«La relation entre la France et l’Afrique ne peut pas être une éternelle rétrospective»
Les discours se suivent et les réactions se ressemblent. Nous assistons à un engrenage qui produit une sensible impression de déjà-vu. Un discours du président de la République française, prononcé à l’occasion de la conférence des ambassadeurs, dont il n’est retenu qu’une phrase, une émotion et une indignation collective sur le continent, et enfin une «viralisation» organisée qui sature et préempte tout débat.
Dans cette chorégraphie éculée, on peine à discerner les gagnants. Ils existent pourtant puisque nous voyons émerger une catégorie d’acteurs - dirigeants, influenceurs, experts autoproclamés - qui ont en partage le juteux commerce de la fracture et de la polarisation. Ces nouveaux rentiers du «clash» permanent auront-ils la politesse de dire merci, voire «spassiba» ? On peut également douter de leur gratitude. Pourquoi cette hystérisation est-elle si lassante ? Parce que l’outrance des discours s’est substituée à la vérité de l’action.
En matière de «reconnaissance» entre la France et le continent africain, puisque l’étincelle vient de là, les progrès n’ont jamais été aussi importants qu’au cours des dernières années. Des rapports ont été écrits, des paroles ont été posées, et s’il ne fallait retenir que l’exemple de l’engagement de la France au Rwanda, des responsabilités ont été attribuées. Certes, nous ne sommes pas au bout du chemin mais, comme nous l’avons vu encore ces dernières semaines autour de la mémoire des tirailleurs de Thiaroye, les lignes continuent de bouger dans le bon sens. Loin des vociférations, des archives s’ouvrent, des chercheurs français et africains travaillent ensemble, une mémoire partagée se construit.
Pour autant, la relation entre la France et le continent africain ne peut pas être une éternelle rétrospective. Ni la France, ni l’Afrique n’ont intérêt à être enfermées, pour l’une, dans la posture du coupable permanent, de victime de l’histoire pour l’autre. Mener des recherches sur le passé n’a de sens que s’il s’agit d’investir en parallèle dans l’avenir.
Le président de la République française a lui-même fixé un cap en se projetant dans une relation désormais centrée sur des partenariats économiques et non sur des coopérations sécuritaires. Ce cap est partagé par de nombreux dirigeants et acteurs économiques africains qui veulent une relation d’égal à égal avec la France.
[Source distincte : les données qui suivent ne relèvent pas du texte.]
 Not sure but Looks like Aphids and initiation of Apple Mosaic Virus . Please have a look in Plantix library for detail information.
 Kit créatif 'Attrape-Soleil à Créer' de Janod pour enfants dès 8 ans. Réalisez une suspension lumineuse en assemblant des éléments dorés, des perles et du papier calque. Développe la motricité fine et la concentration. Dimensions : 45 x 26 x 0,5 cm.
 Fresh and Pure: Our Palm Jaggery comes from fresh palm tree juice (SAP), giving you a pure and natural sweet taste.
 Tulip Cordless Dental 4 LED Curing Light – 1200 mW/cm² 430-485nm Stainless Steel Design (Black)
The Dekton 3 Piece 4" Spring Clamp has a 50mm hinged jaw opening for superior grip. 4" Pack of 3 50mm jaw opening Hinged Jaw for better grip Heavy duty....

Pour concrétiser cette vision, nous n’avons pas de besoin de discours, encore moins de polémiques stériles. Nous avons besoin d’actions.
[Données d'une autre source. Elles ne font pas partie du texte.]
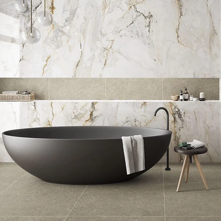 Le carrelage LUANDA brillant et poli est un choix moderne pour embellir votre intérieur. Avec ses dimensions de 90×90 cm, il offre une surface harmonieuse et élégante tout en minimisant les joints visibles. Sa finition brillante ajoute de la luminosité, rendant chaque pièce plus accueillante. Caractéristiques: – Dimensions : 90×90 cm – Épaisseur : Environ 9 mm, robuste et durable. – Bords rectifiés – Finition : Brillante & poli – Matériau : Porcelaine émaillée, facile à entretenir. – Poids : ~25 kg/m² – 1 Carton : 1,62 m² – 1 Palette : 43,74 m² / ~1100 kg Avantages: 1. Esthétique : Surface brillante pour plus de lumière et une touche de luxe. 2. Durabilité : Résiste aux chocs, rayures et usure. 3. Facilité d’entretien : Non poreux, résistant aux taches. 4. Polyvalence : Adapté aux styles résidentiels et commerciaux. Utilisations Recommandées: – Intérieur : Parfait pour salons, cuisines, salles de bains, halls. – Commerciaux : Idéal pour bureaux, boutiques et restaurants.

Nous avons, en France comme en Afrique, des acteurs engagés qui, au quotidien, saisissent les opportunités, échangent, créent, investissent. À l’image de la French-African Foundation et des différentes promotions de Young Leaders, les talents et les volontés ne manquent pas.
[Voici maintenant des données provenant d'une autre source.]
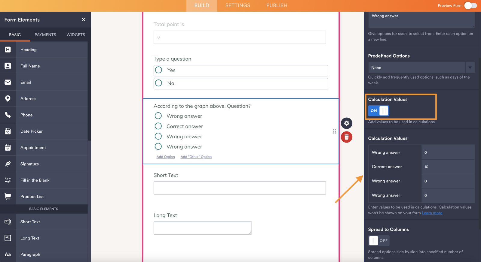- Per-element settings: Adjust fine details like field size, alignment, spacing, and labels for each question or input.

Il faut maintenant passer à la vitesse supérieure : organiser et projeter des filières d’entreprises, accompagner et sécuriser les investissements en Afrique des petites et moyennes entreprises, accélérer la formidable dynamique d’industrialisation à l’œuvre dans plusieurs zones franches sur le continent africain. Ce sont moins des bases militaires que des investissements dans son agriculture qui stabiliseront demain le Sahel. Ce sont des investissements volontaristes dans les infrastructures de l’intelligence artificielle qui garantiront la souveraineté africaine.
Moins de discours mais plus de dialogues, plus de rythme, plus de réussites concrètes : nous avons tout pour coproduire, entre la France et le continent africain, un haletant film d’action et non une terne rediffusion.
- Mamadou Goundiam est membre du comité de direction de la French-African Foundation, et directeur général exécutif de Jeune Afrique Media Group.
- Nachouat Meghouar est directrice générale de la French-African Foundation.
- Nelly Kambiwa est directrice globale de la responsabilité d’entreprise et de la durabilité chez Sopra Banking Software, Young Leader de la French-African Foundation.
- Mathias Léopoldie, est président-directeur général de Julaya, Young Leader de la French-African Foundation.
- Alexandre Coster est co-président de la French-African Foundation.